» Task instructions
Look for the line containing "Yurtdışı Türkler ve" and the line containing "Вот вчера повстречал" in the entries below. Copy those two and all lines between them exactly, leaving out pictures.

» Available records

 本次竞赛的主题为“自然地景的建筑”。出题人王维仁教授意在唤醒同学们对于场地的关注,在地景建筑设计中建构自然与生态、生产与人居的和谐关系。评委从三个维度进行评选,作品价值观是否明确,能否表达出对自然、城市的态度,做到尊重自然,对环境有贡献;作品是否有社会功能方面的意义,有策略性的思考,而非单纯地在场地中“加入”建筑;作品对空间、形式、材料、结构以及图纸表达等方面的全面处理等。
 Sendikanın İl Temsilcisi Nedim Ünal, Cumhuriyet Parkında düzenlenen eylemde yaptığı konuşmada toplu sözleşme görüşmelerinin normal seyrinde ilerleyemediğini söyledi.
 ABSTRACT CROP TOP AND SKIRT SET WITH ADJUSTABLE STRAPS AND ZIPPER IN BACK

* * *

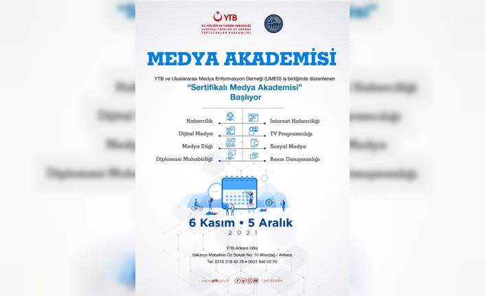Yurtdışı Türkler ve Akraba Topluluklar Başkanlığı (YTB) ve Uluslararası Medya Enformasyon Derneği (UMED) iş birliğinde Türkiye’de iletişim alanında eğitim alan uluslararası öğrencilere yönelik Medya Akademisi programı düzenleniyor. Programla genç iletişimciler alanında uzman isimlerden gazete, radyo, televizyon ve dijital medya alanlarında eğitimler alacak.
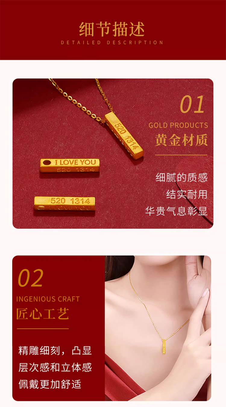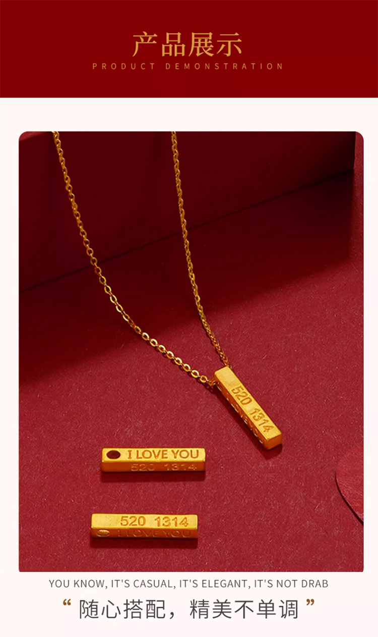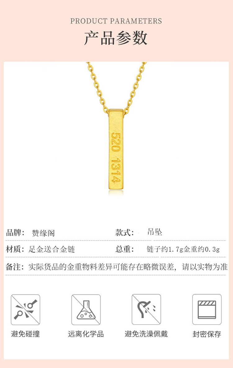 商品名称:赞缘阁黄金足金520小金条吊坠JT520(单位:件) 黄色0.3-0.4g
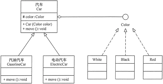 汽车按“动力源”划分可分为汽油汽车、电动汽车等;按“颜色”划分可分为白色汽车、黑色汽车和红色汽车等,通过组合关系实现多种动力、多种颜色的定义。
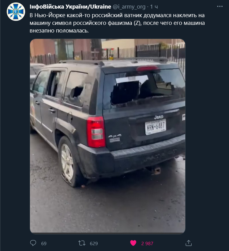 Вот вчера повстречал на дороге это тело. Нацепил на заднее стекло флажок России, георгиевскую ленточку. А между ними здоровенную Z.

---

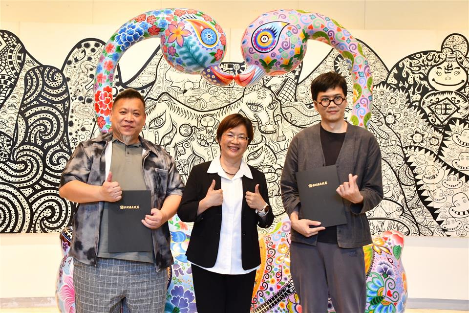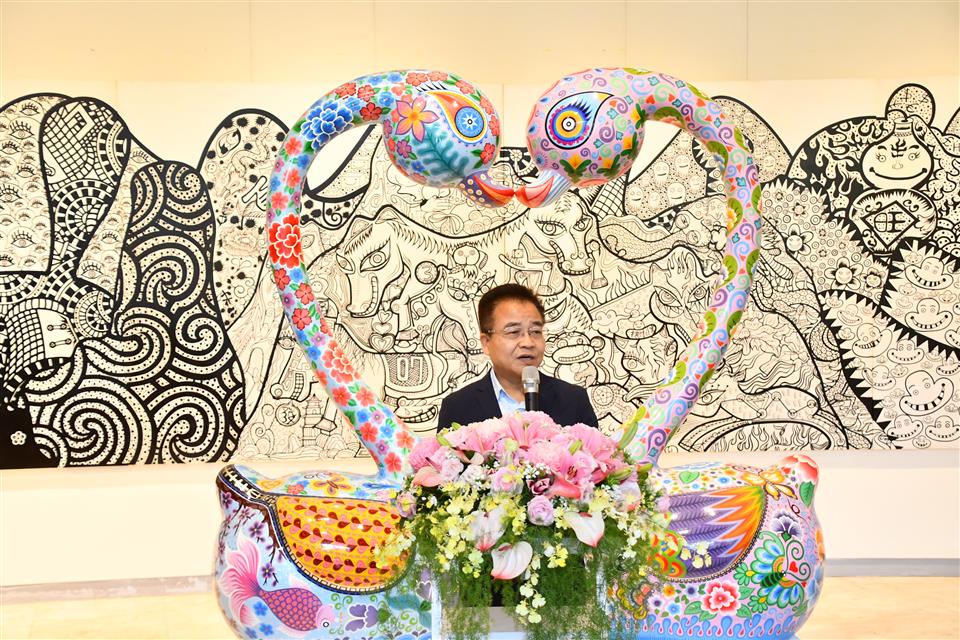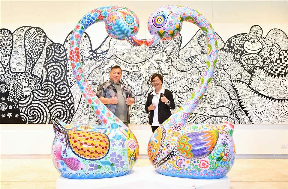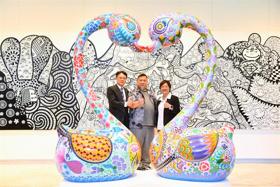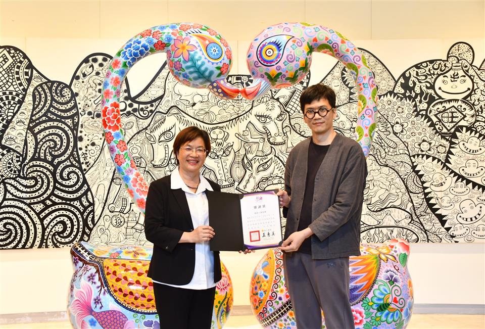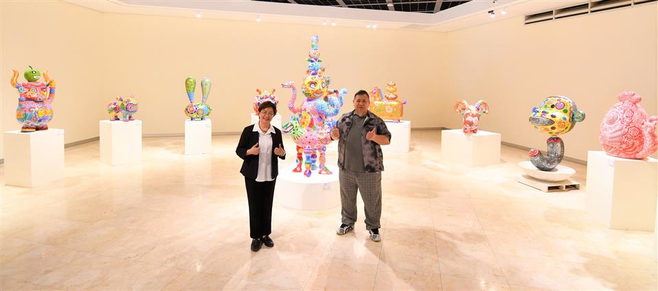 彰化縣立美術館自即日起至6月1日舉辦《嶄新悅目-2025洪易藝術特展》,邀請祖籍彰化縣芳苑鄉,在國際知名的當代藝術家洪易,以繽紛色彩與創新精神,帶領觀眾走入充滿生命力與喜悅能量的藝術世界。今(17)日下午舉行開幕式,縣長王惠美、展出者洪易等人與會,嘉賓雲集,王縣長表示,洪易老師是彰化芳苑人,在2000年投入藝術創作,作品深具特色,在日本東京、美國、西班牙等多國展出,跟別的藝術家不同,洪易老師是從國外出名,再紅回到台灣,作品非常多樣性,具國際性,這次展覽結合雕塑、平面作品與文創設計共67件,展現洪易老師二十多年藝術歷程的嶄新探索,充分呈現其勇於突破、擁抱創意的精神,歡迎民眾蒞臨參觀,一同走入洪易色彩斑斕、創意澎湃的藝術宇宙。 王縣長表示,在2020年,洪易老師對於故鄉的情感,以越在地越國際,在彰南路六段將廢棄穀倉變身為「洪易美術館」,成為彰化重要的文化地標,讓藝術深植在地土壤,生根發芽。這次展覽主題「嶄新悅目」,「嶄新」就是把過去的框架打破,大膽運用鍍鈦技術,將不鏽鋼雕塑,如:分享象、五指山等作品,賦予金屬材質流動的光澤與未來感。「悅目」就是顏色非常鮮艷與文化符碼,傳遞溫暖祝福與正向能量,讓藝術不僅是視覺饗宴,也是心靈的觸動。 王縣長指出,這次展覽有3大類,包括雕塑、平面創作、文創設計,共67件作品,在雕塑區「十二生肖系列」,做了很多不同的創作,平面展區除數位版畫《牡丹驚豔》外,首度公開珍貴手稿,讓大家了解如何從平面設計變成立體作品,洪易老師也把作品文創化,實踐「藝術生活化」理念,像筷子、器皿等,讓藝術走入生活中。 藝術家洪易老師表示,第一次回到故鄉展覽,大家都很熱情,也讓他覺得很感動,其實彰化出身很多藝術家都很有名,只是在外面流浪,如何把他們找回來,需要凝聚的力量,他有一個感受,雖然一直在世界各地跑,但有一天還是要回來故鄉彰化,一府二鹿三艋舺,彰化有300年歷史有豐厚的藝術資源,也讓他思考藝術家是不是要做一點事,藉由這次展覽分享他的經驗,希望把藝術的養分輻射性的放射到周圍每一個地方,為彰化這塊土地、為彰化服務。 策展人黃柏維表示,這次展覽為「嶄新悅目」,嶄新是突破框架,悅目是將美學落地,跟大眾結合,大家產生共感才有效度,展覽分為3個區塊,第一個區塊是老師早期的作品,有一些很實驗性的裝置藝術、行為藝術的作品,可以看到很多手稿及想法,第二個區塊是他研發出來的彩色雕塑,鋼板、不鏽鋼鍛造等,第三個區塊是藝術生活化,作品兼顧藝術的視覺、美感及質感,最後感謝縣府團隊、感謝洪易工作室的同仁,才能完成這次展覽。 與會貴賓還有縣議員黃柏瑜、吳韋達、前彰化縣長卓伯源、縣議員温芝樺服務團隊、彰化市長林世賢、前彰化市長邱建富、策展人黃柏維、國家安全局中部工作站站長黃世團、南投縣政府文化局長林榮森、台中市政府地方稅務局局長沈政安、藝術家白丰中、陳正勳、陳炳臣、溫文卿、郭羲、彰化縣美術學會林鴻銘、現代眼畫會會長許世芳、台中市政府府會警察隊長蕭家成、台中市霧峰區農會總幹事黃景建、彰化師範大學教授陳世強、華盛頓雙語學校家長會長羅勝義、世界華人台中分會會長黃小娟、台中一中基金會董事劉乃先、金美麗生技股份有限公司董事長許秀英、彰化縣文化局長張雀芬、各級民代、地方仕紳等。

» Solution to the exercise
Yurtdışı Türkler ve Akraba Topluluklar Başkanlığı (YTB) ve Uluslararası Medya Enformasyon Derneği (UMED) iş birliğinde Türkiye’de iletişim alanında eğitim alan uluslararası öğrencilere yönelik Medya Akademisi programı düzenleniyor. Programla genç iletişimciler alanında uzman isimlerden gazete, radyo, televizyon ve dijital medya alanlarında eğitimler alacak.
 商品名称:赞缘阁黄金足金520小金条吊坠JT520(单位:件) 黄色0.3-0.4g
 汽车按“动力源”划分可分为汽油汽车、电动汽车等;按“颜色”划分可分为白色汽车、黑色汽车和红色汽车等,通过组合关系实现多种动力、多种颜色的定义。
 Вот вчера повстречал на дороге это тело. Нацепил на заднее стекло флажок России, георгиевскую ленточку. А между ними здоровенную Z.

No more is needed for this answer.